COLLECTED MATERIAL:
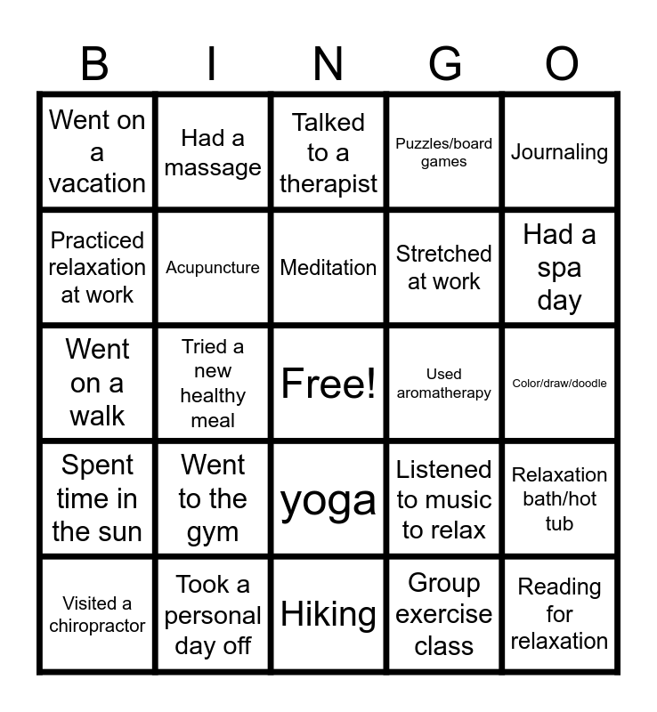This bingo card has a free space and 24 words: Went to the gym, Took a personal day off, Meditation, Visited a chiropractor, Journaling, Went on a vacation, Practiced relaxation at work, Had a massage, Used aromatherapy, yoga, Stretched at work, Went on a walk, Listened to music to relax, Relaxation bath/hot tub, Acupuncture, Group exercise class, Color/draw/doodle, Talked to a therapist, Had a spa day, Tried a new healthy meal, Reading for relaxation, Spent time in the sun, Puzzles/board games and Hiking.
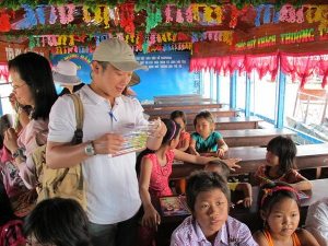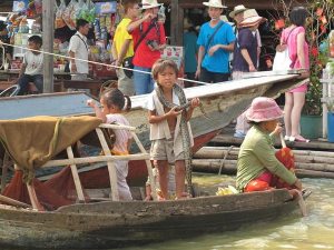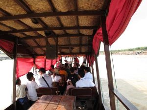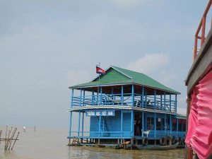 【洞里薩湖】(洞里薩湖為東南亞最大的內陸淡水湖,此湖每年5—10月的雨季總面積可達11,132平方公里,水深14公尺,當旱季來臨時湖水又縮小為3,000平方公里,水深只有1公尺,極為懸殊。而漁獲源源不斷供應全高棉人民食用,亦可外銷)。延途您可看到當地水上人家特有生活情形如船屋上捕魚、種菜、養豬、甚至水上學校等,所有陸上設施應有盡有,別具特色,洞里薩湖碼頭與船隻是由韓國人經營。
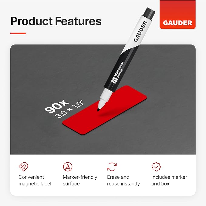 • REUSABLE AND SUSTAINABLE: GAUDER magnetic labels can be written on with the included whiteboard marker and reused repeatedly.
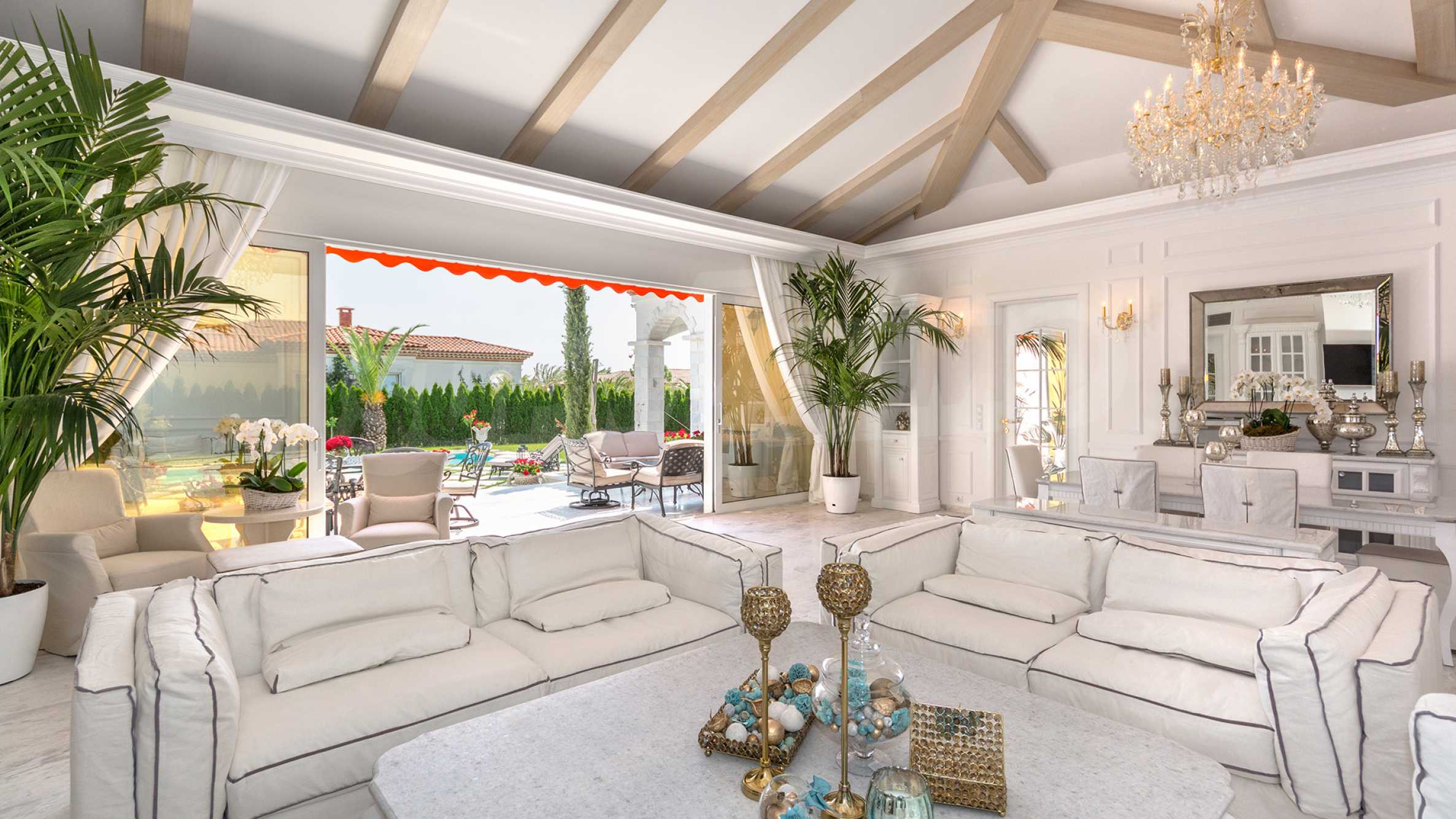 След представителен вход Ви посреща просторен хол. Дневната и кухнята в имота са тип Open space, с обособени кътове за трапезария, почивка и камина. На юг дневната се отваря изцяло към верандата през голяма витрина, уникално преходно пространство идеално за романтични вечери. От верандата има пряк излаз към басейна, ситуиран централно в градината и облицован изцяло с естествен мрамор Pyrgos Light.

EXERCISE GOAL: Repeat the data exactly. No pictures should appear.

OUTPUT FOR THIS EXERCISE:
This bingo card has a free space and 24 words: Went to the gym, Took a personal day off, Meditation, Visited a chiropractor, Journaling, Went on a vacation, Practiced relaxation at work, Had a massage, Used aromatherapy, yoga, Stretched at work, Went on a walk, Listened to music to relax, Relaxation bath/hot tub, Acupuncture, Group exercise class, Color/draw/doodle, Talked to a therapist, Had a spa day, Tried a new healthy meal, Reading for relaxation, Spent time in the sun, Puzzles/board games and Hiking.
 【洞里薩湖】(洞里薩湖為東南亞最大的內陸淡水湖,此湖每年5—10月的雨季總面積可達11,132平方公里,水深14公尺,當旱季來臨時湖水又縮小為3,000平方公里,水深只有1公尺,極為懸殊。而漁獲源源不斷供應全高棉人民食用,亦可外銷)。延途您可看到當地水上人家特有生活情形如船屋上捕魚、種菜、養豬、甚至水上學校等,所有陸上設施應有盡有,別具特色,洞里薩湖碼頭與船隻是由韓國人經營。
 • REUSABLE AND SUSTAINABLE: GAUDER magnetic labels can be written on with the included whiteboard marker and reused repeatedly.
 След представителен вход Ви посреща просторен хол. Дневната и кухнята в имота са тип Open space, с обособени кътове за трапезария, почивка и камина. На юг дневната се отваря изцяло към верандата през голяма витрина, уникално преходно пространство идеално за романтични вечери. От верандата има пряк излаз към басейна, ситуиран централно в градината и облицован изцяло с естествен мрамор Pyrgos Light.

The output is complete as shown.